━━ Dataset extract
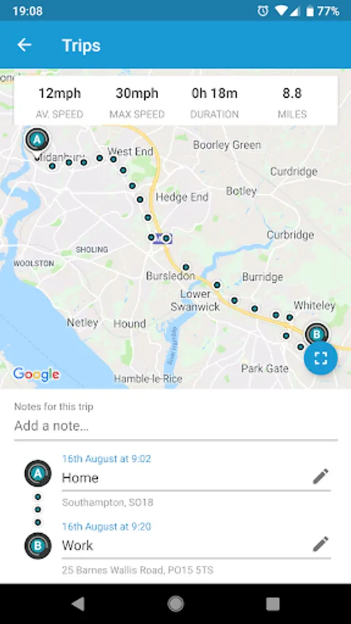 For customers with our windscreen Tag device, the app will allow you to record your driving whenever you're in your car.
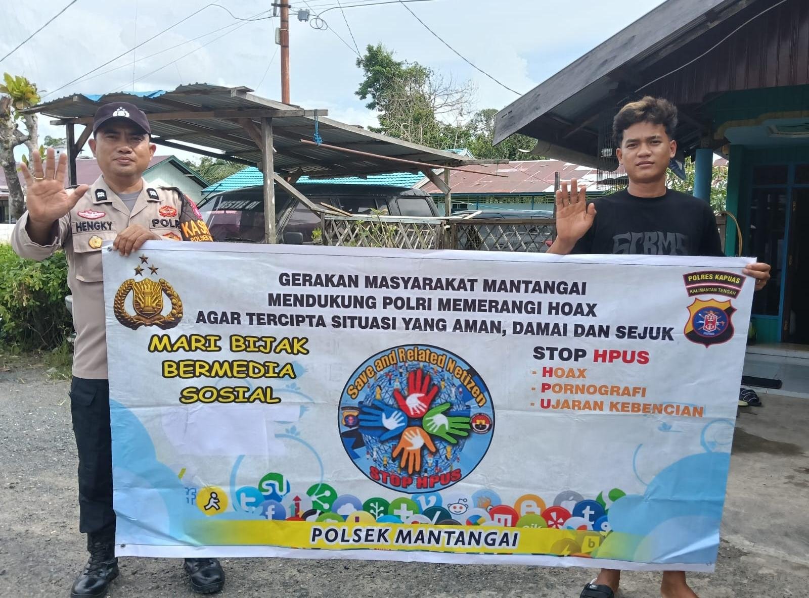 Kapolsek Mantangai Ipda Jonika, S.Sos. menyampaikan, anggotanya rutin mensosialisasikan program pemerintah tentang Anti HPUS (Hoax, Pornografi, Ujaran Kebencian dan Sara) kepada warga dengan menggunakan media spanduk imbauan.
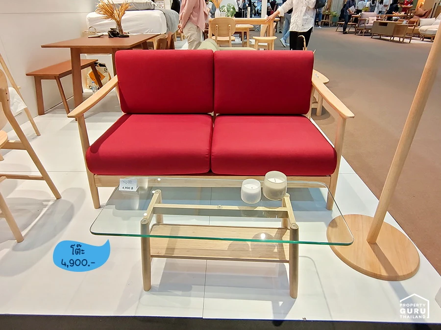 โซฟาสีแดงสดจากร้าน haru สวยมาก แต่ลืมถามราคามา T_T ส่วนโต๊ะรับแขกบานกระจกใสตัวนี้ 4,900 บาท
━━━━
━━ Dataset extract
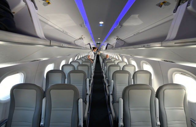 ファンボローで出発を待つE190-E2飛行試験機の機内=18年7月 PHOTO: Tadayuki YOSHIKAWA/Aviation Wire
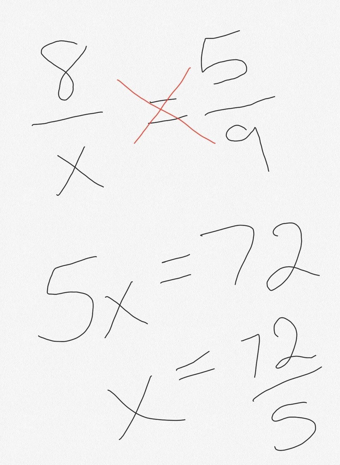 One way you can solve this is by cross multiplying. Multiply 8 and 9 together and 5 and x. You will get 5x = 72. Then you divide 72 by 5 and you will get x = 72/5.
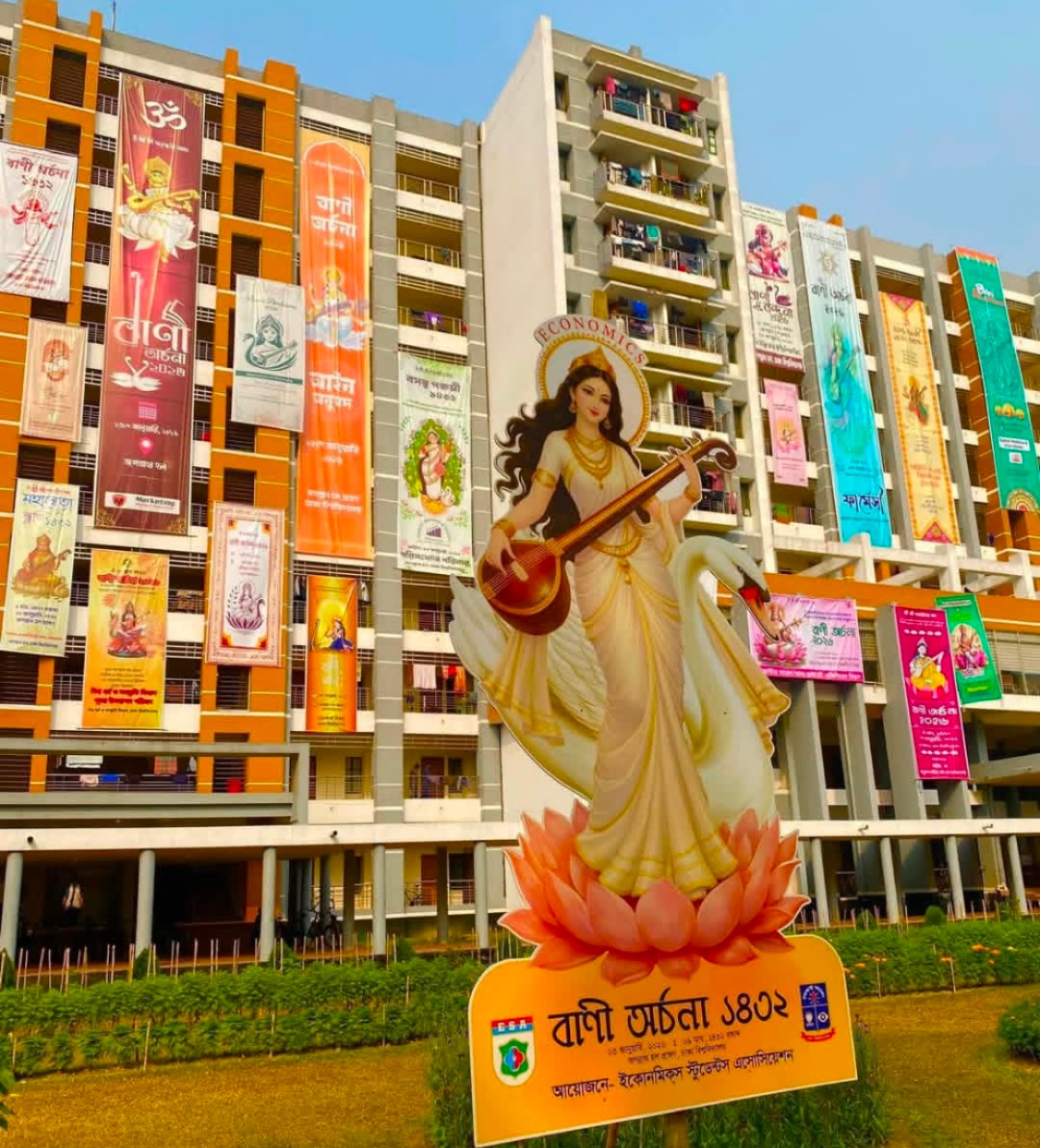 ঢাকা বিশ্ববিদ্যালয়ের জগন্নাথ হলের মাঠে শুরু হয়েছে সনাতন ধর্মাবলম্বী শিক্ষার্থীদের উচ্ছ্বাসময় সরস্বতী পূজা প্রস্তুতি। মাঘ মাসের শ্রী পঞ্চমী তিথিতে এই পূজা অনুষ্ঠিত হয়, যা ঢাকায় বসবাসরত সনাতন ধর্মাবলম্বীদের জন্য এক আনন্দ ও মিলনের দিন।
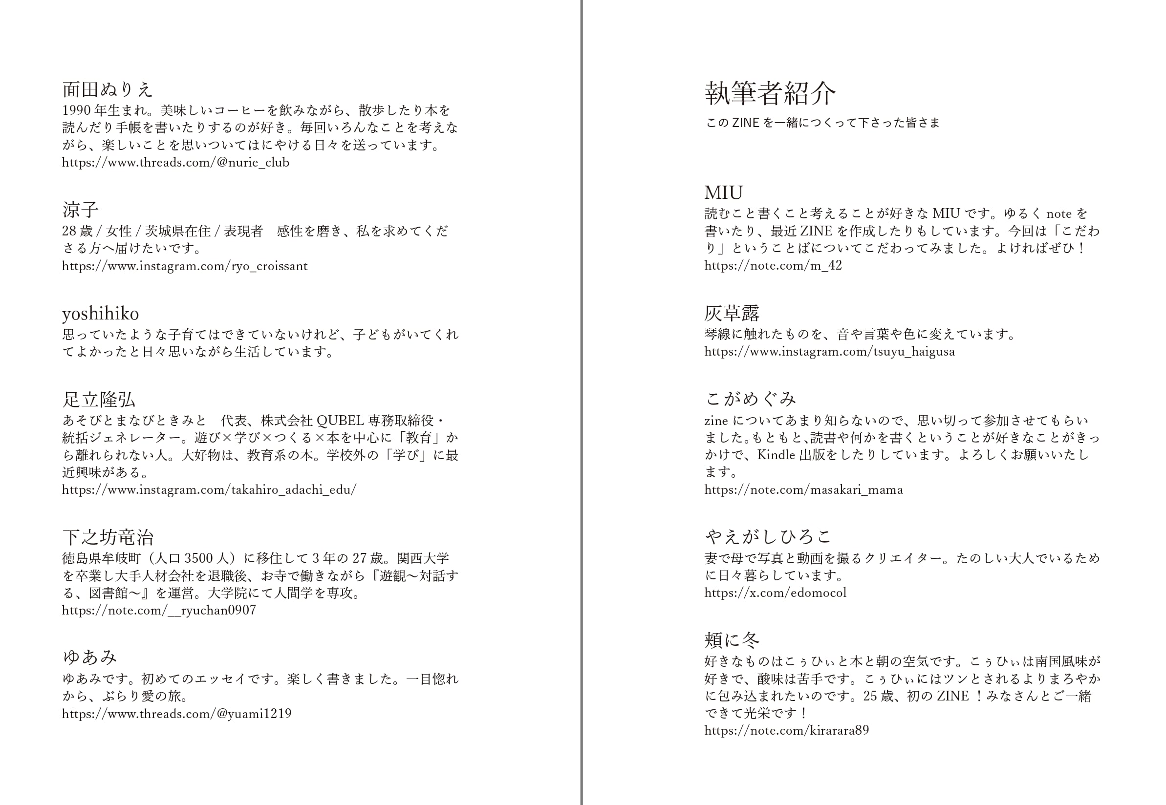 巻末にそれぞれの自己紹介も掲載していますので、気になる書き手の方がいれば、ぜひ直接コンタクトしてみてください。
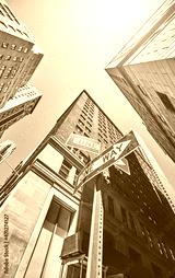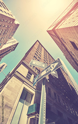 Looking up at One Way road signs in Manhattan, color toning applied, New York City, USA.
━━━━
→ **Task objective**: "ファンボローで出発を待つE190-E2飛行試験機の機内=18年7月 PHOTO: Tadayuki" marks the first line to copy, and "巻末にそれぞれの自己紹介も掲" marks the last. Repeat that stretch above exactly, with no pictures.

→ **Result of this task**:
 ファンボローで出発を待つE190-E2飛行試験機の機内=18年7月 PHOTO: Tadayuki YOSHIKAWA/Aviation Wire
 One way you can solve this is by cross multiplying. Multiply 8 and 9 together and 5 and x. You will get 5x = 72. Then you divide 72 by 5 and you will get x = 72/5.
 ঢাকা বিশ্ববিদ্যালয়ের জগন্নাথ হলের মাঠে শুরু হয়েছে সনাতন ধর্মাবলম্বী শিক্ষার্থীদের উচ্ছ্বাসময় সরস্বতী পূজা প্রস্তুতি। মাঘ মাসের শ্রী পঞ্চমী তিথিতে এই পূজা অনুষ্ঠিত হয়, যা ঢাকায় বসবাসরত সনাতন ধর্মাবলম্বীদের জন্য এক আনন্দ ও মিলনের দিন।
 巻末にそれぞれの自己紹介も掲載していますので、気になる書き手の方がいれば、ぜひ直接コンタクトしてみてください。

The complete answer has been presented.